*** Opening PROVIDED DATA ***

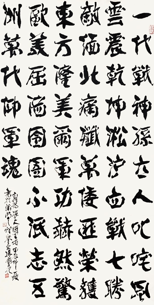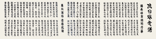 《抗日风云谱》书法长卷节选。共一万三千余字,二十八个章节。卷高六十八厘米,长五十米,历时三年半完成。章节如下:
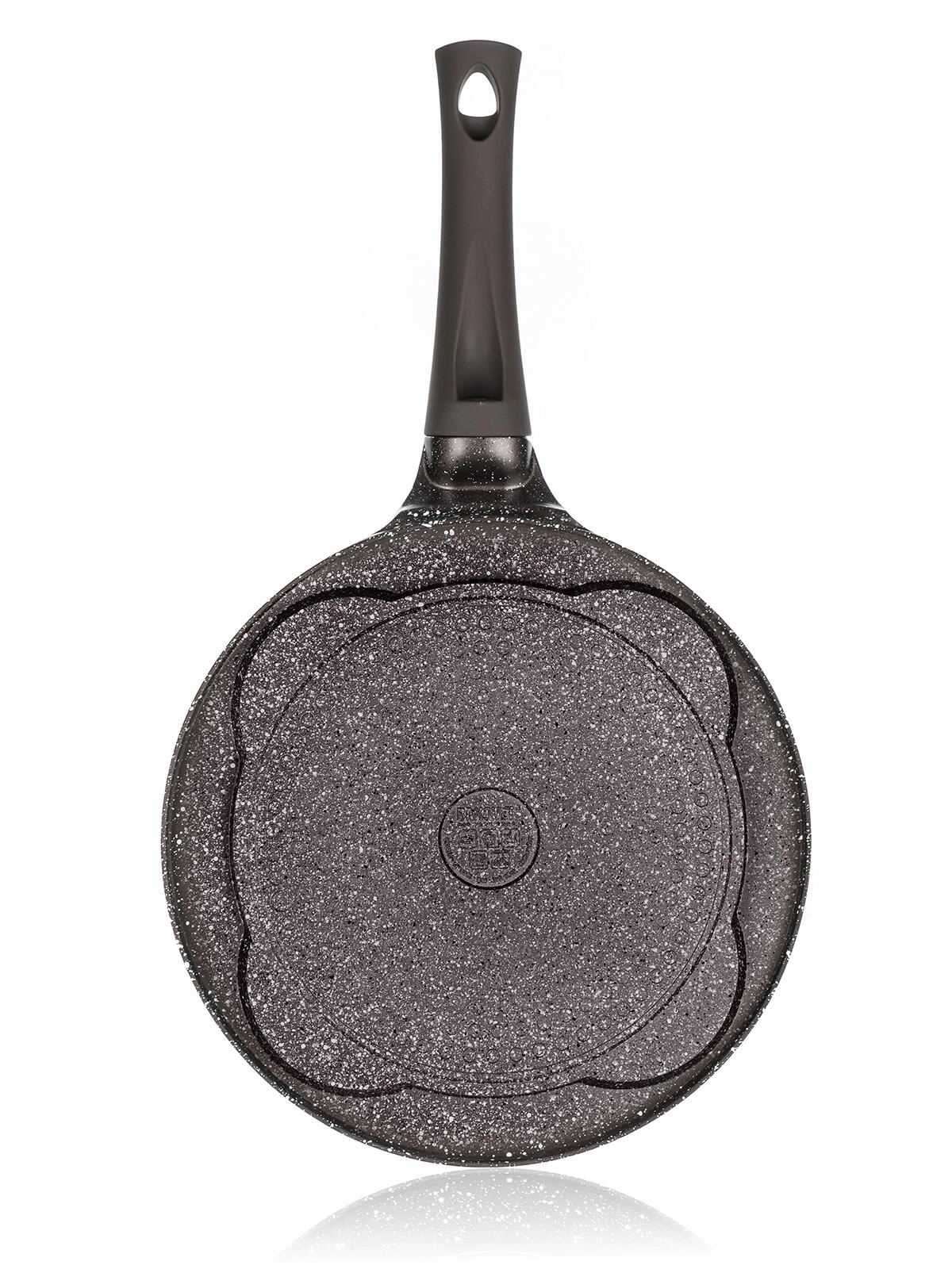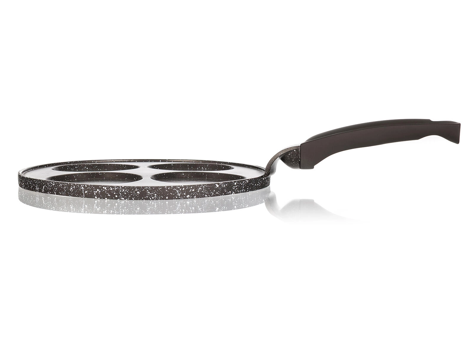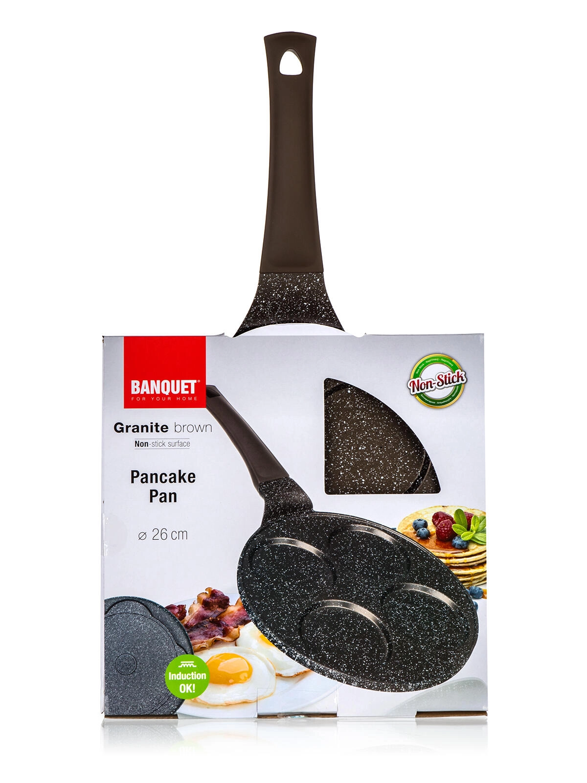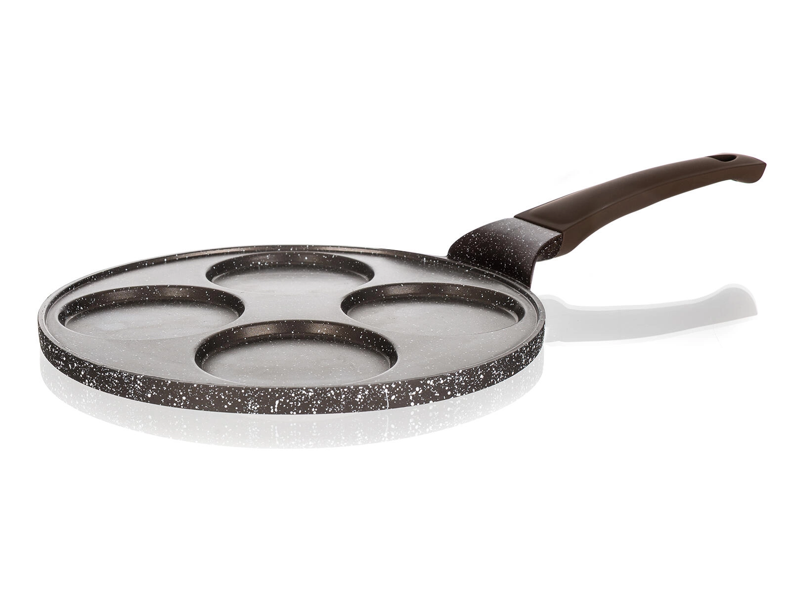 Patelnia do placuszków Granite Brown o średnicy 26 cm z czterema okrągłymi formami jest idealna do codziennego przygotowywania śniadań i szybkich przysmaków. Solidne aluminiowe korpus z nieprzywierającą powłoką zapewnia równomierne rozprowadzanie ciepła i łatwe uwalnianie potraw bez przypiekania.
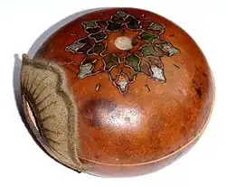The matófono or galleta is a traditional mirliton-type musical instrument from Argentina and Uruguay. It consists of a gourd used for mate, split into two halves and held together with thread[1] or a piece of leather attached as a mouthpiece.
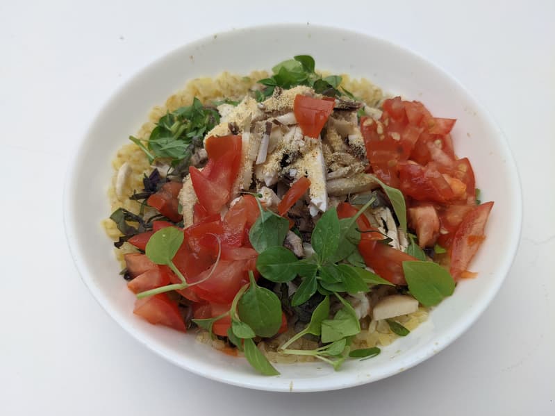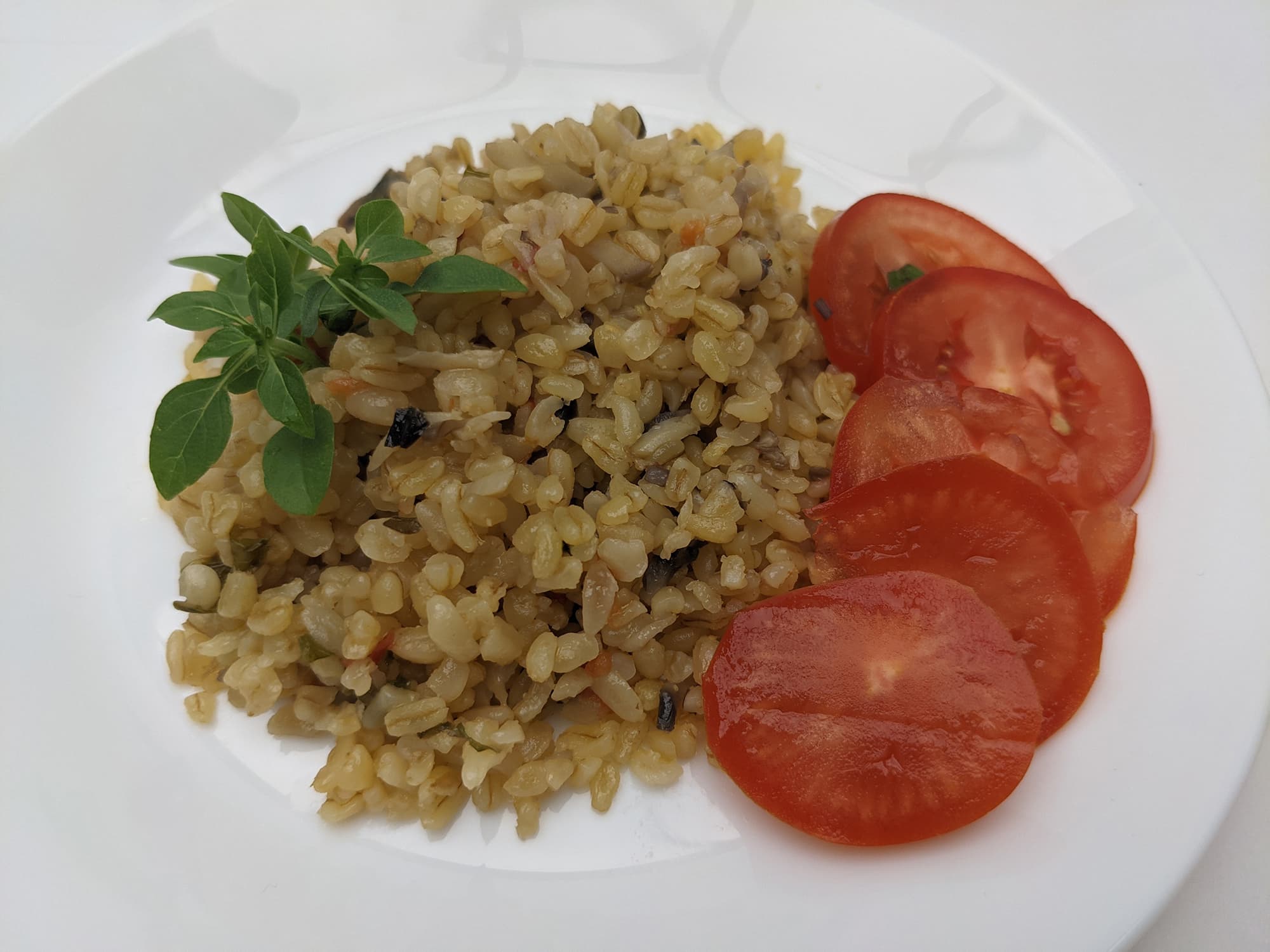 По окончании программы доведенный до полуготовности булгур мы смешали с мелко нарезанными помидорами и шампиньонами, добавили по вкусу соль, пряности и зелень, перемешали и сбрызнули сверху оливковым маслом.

*** Closing PROVIDED DATA ***

WHAT YOU NEED TO DO: Where a picture appears, skip it and copy the rest of the data word for word.

OUTPUT OF THE TASK:
 《抗日风云谱》书法长卷节选。共一万三千余字,二十八个章节。卷高六十八厘米,长五十米,历时三年半完成。章节如下:
 Patelnia do placuszków Granite Brown o średnicy 26 cm z czterema okrągłymi formami jest idealna do codziennego przygotowywania śniadań i szybkich przysmaków. Solidne aluminiowe korpus z nieprzywierającą powłoką zapewnia równomierne rozprowadzanie ciepła i łatwe uwalnianie potraw bez przypiekania.
The matófono or galleta is a traditional mirliton-type musical instrument from Argentina and Uruguay. It consists of a gourd used for mate, split into two halves and held together with thread[1] or a piece of leather attached as a mouthpiece.
 По окончании программы доведенный до полуготовности булгур мы смешали с мелко нарезанными помидорами и шампиньонами, добавили по вкусу соль, пряности и зелень, перемешали и сбрызнули сверху оливковым маслом.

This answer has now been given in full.